There is no consensus on which children with CKD should have an echocardiographic evaluation and/or ABPM or on when these studies should be obtained. The current Kidney Disease Outcomes Quality Initiative (KDOQI) Clinical Practice Guidelines for Cardiovascular Disease in Dialysis Patients1 recommend that “children commencing dialysis should be evaluated for the presence of cardiac disease (cardiomyopathy and valvular disease) using echocardiography once the patient has achieved dry weight (ideally within 3 mo of the initiation of dialysis therapy).” Unfortunately, these guidelines do not provide recommendations for echocardiographic evaluation of children before dialysis. The fourth report on BP control in children26 recommends echocardiographic evaluation for the presence of LVH in children with comorbid conditions (diabetes and kidney disease) and casual BP between the 90th and 95th percentiles and in all children with casual BP >95th percentile. The recently published AHA statement on standard assessment of ABPM in children and adolescents recommends the use of ABPM in pediatric renal transplant recipients only; it does not discuss the use of ABPM or echocardiography in children before or during maintenance dialysis.24 KDOQI, the AHA statement on ABPM, and the fourth report on BP in children do not recommend the use of ABPM to identify children who are at risk for LVH.
The high prevalence of masked hypertension and associated LVH in our study supports the case for the early echocardiographic evaluation and ABPM as a part of standard care to screen for the discussed cardiovascular risks in children with mild to moderate CKD. The study also suggests that the oscillometric technique of BP assessment outside the health care environment is beneficial in the detection of cardiac end-organ damage in children with CKD. The use of home BP monitoring could be considered as an intermediate step and a lower cost alternative to ABPM.27,28 Results of this study also raise the question of whether the same strategy should be applied to other pediatric populations at high risk for cardiovascular disease (e.g., obesity, diabetes).
Concise Methods
Study Population and Design
The CKiD study is an observational cohort study of CKD in children being conducted at 46 pediatric nephrology centers (Supplemental Table 1) in North America in response to National Institutes of Health RFA DK-03-012 entitled “Prospective Study of Chronic Kidney Disease in Children.”6,29 The CKiD study protocol has been reviewed and approved by the institutional review boards of each participating center. Eligibility criteria for enrollment in CKiD include age 1 to 16 yr and estimated GFR as calculated by the Schwartz formula11 of 30 to 90 ml/min per 1.73 m2.

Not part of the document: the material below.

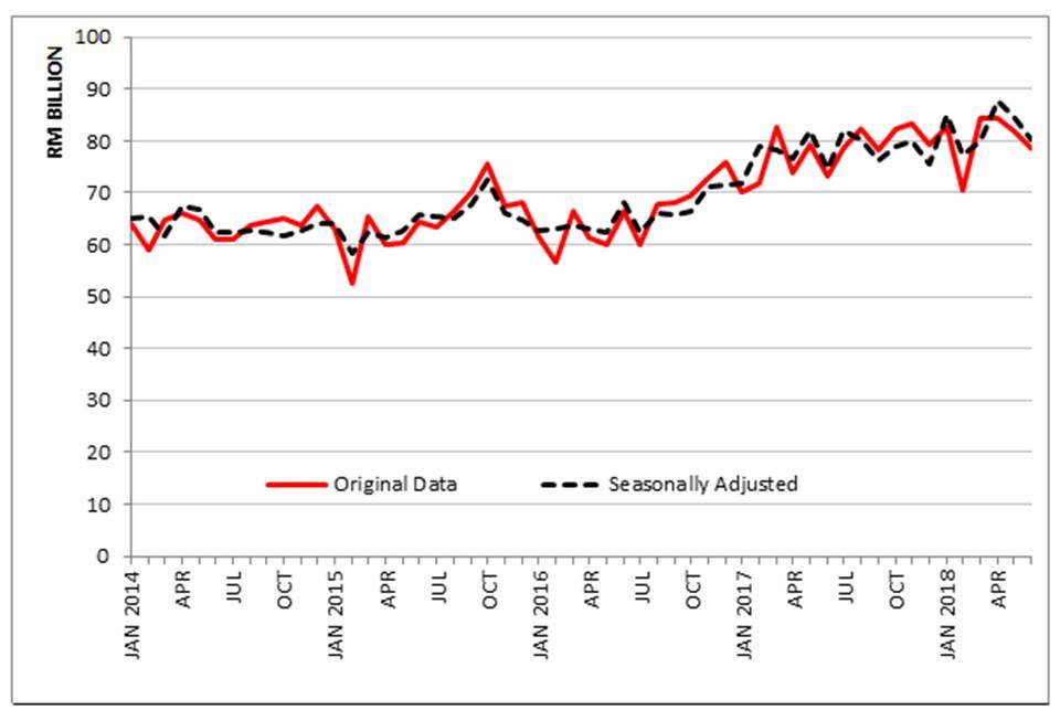 - On a m-o-m basis, imports decreased 1.9% or RM1.4 billion from RM74.0 billion. In seasonally adjusted terms, imports increased 0.3%.

This study is a cross-sectional analysis of baseline echocardiographic and ABPM data (year 2 of the CKiD study) from the first 389 children who had echocardiography as of January 2009. A total of 366 participants had a good-quality echocardiographic study with LVMI calculated, and 226 had an ABPM evaluation of good quality. Combined, echocardiographic, casual BP, and ABPM data were available for analysis on 198 children; those who had a >30-d interval between casual and ambulatory BP measurements were excluded from the analysis.
Casual BP Measurements
CKiD participants have casual BP measurements obtained from the right arm at study entry (baseline), then at annual intervals after enrollment. Casual BP in CKiD is obtained by auscultation using an aneroid sphygmomanometer (Mabis MedicKit 5; Mabis Healthcare, Waukegan, IL); all participating sites have been provided the same equipment by the CKiD Clinical Coordinating Centers. The Clinical Coordinating Centers also provide standardized training and certification in the auscultatory BP measurement protocol described next to all study personnel responsible for casual BP measurement. Recertification in auscultatory BP measurement technique and central equipment calibration take place at annual intervals. The specific procedure for BP determination in the CKiD study has been described elsewhere.15
The average of three BP measurements is recorded as the participants' casual BP for the study visit. The participants' BP obtained on the day of echocardiographic evaluation is included in this study. Participants' casual BP in CKiD are classified according to the National High Blood Pressure Education Program (NHBPEP) Fourth Report on the Diagnosis, Evaluation, and Treatment of High BP in Children and Adolescents26: Normotensive (<90th percentile), prehypertensive (≥90th and <95th percentiles), and hypertensive (≥95th percentile).
Ambulatory BP Monitoring
Ambulatory BP is measured by protocol using a SpaceLabs 90217 oscillometric device (SpaceLabs Healthcare, Issaquah, WA). Monitors are programmed centrally at the ABPM center located at the University of Texas at Houston and then shipped to the clinical sites, where they are placed on the individual's nondominant arm. Arm circumference is measured at the local sites, and a cuff is selected according to the fourth report recommendations.26 All participating clinical sites receive annual standardized training in monitor placement from the ABPM center.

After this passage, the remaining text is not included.